1. Field of the Invention
This invention pertains to stitchbonded articles and to methods of producing such articles. Particularly, stitchbonded articles having absorbent and/or scrubbing abilities are described.
2. Related Art
Parella, J. C., "Nonwoven Technology and Wipers", paper presented at INDA-TEC 1989, presents a perceptive account of the nonwoven industry. Specifically, Parella describes and compares the four primary techniques that commercial manufacturers have focused on for producing absorbent wipes. In order of commercialization they are:
dry staple (carded, air laid, saturation or spray bonded webs made from textile fibers);
air-lay (fabric made by air laying and bonding cellulosic or synthetic pulp fibers);
melt blown (webs formed by in-line melt spinning of very fine fibers); and
spunlace (fabrics produced by hydraulic entangling of fibers).
Parella compares these primarily using the "alphabet" of consumer driven requirements for wipes: "A" for absorbency; "B" for bulk density; "C" for consistency; "D" for durability; and "P" for price.

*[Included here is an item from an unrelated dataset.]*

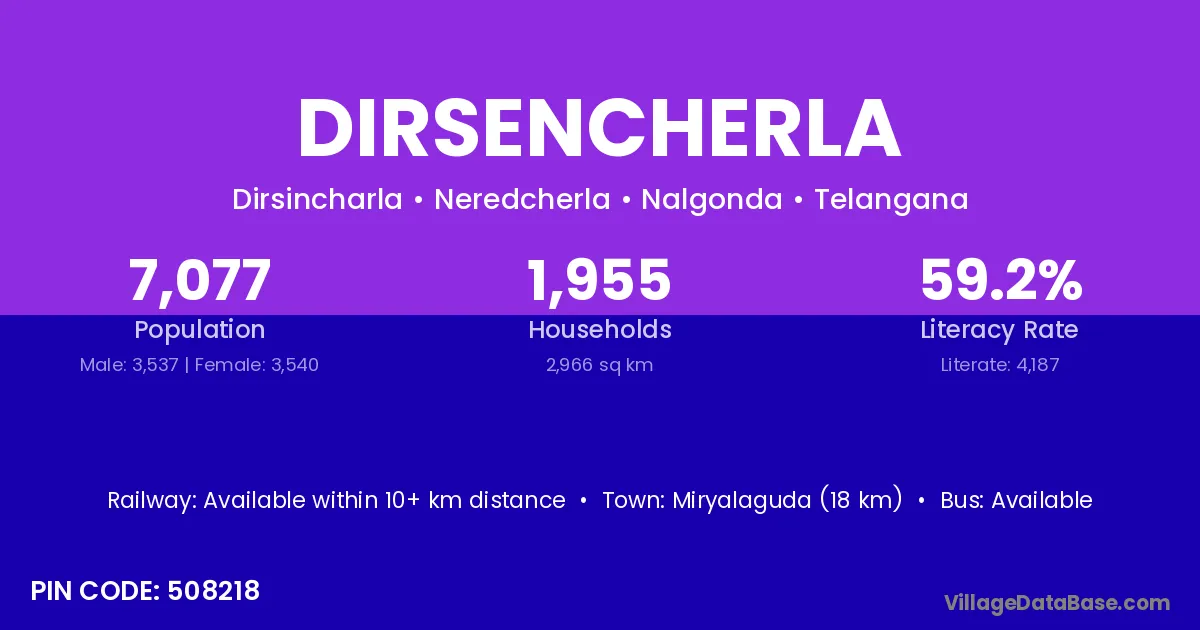 Miryalaguda (18 km) is the nearest town to Dirsencherla village for major economic activities and is located approximately 18 km away.

Dry staple nonwoven wipes were acceptable in terms of A and D, but P was a premium over 100% cellulosic paper wipes. Absorbent wipes made using the air-lay process generally met consumer needs for A, B, C, and P but fell short on improving D over already available dry staple nonwoven wipes. Despite this, product acceptance was almost immediate in industrial and consumer sectors. Fabrics made from melt blown fibers exhibited outstanding oil absorbency, and aqueous absorbency was acceptable. Adsorption or entrapment is the method of absorbency employed rather than absorption into the fiber or cellulose as in the use of the dry staple or air laying techniques. B, C, D, and P were adequate but not dramatically different from prior wipes. Spunlaced fabrics were said to be "the most complete nonwoven wiper seen to date" in terms of A, B, C, and D, and P was "within the range of acceptance given the performance characteristics."
Stitchbonding, as a method of bonding two fabrics together to form a durable, absorbent wipe, has apparently not received the amount of attention of the wipes industry as have the above mentioned techniques.

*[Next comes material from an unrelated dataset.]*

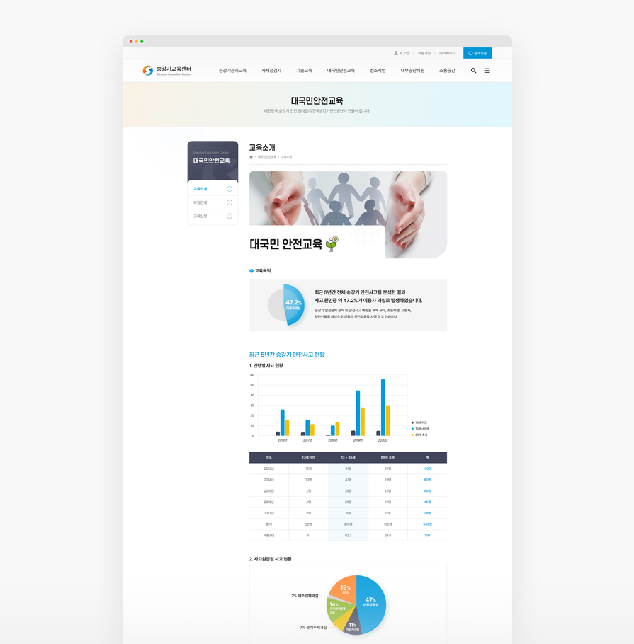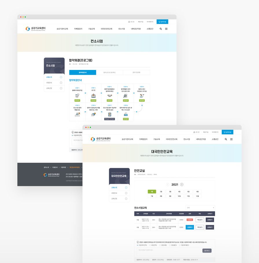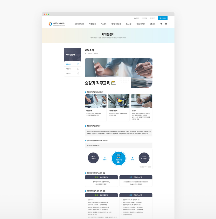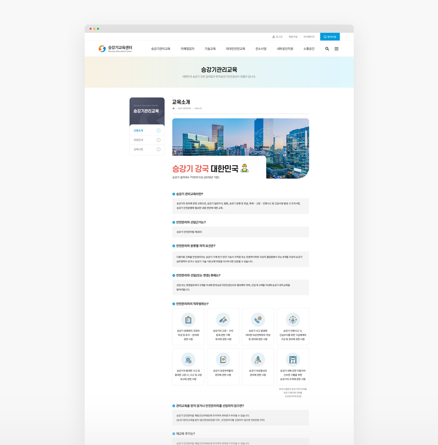 승강기교육센터는 승강기 안전교육을 통하여 국민 모두가 안전하고 믿고 탈수 있는 승강기 안전을 책임지고 있습니다. 홈페이지의 방대한 정보를 중요도에 따라 분류하여 정보 전달이 용이하도록 디자인되었고, 홈페이지 이용자가 디바이스의 제약없이 편리하게 이용할 수 있도록 설계되었습니다.

There are numerous stitchbonded materials which include thermoplastic material in some manner incorporated into the material. For example, U.S. Pat. No. 5,104,703 discloses a single layer nonwoven fabric that is a single layer batt formed of crosslapped fiber, having a structure compacted by needle tacking, and being thermally bonded by thermally setting a low melting thermoplastic material intermixed throughout the batt. The batt is stitched through. U.S. Pat. No. 4,740,407 describes a pile-like substrate comprising a textile carrier body consisting of fibers and having a rough surface on at least one side, being at least partially impregnated with a polymeric synthetic plastics material having a foam-like condition. The substrate is ground on at least one impregnated surface such that the fibers of the carrier body protrude at least partially out of the substrate.